Kenyaman termal adalah kebutuhan semua orang, apapun aktivitasnya. Sayangnya, perancangan kenyamanan termal adalah hal yang paling jarang dilakukan dalam perancangan bangunan. Alih-alih “by design”, kondisi kenyamanan termal bangunan hampir selalu merupakan kondisi “by chance” atau “by accident”.

Apalagi bangunan masjid, yang merupakan bangunan sosial, artinya biasanya dibangun dengan budget seadanya. Perancangan kenyamanan termal hampir tidak pernah terdengar. Kita biasanya mendapatkan bangunan masjid yang megah, tapi hangat.

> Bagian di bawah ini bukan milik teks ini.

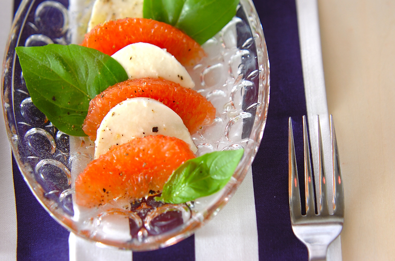 さっぱりとした副菜が食べたい場合は、「さわやかカプレーゼ風」はいかがでしょうか。カプレーゼは、トマトとモッツァレラチーズを使ったシンプルなイタリア料理ですが、このレシピではトマトの代わりにグレープフルーツを使います。彩りもよく、グレープフルーツの甘味や酸味といっしょに味わえるさわやかな一品です。

Kuliah ini akan membahas teori kenyamanan termal sebagai basis perancangan masjid. Sebagai contoh kasus akan dibahas dua masjid dengan kondisi yang berbeda. Pertama adalah Masjid Istiqlal, mewakili masjid yang tidak menggunakan AC. Kondisi kenyamanan termalnya akan dibahas berdasarkan hasil pengukuran yang dilakukan tahun 2019. Kedua adalah Masjid Salman Rasyidi, yang berada di kompleks RS Salman Hospital, Soreang, Bandung, yang mewakili masjid dengan AC yang hemat dan nyaman. Di masjid tersebut, sistem displacement ventilation digunakan untuk mendistribusikan udara dingin dengan cara yang lebih efisien dibandingkan sistem AC konvensional.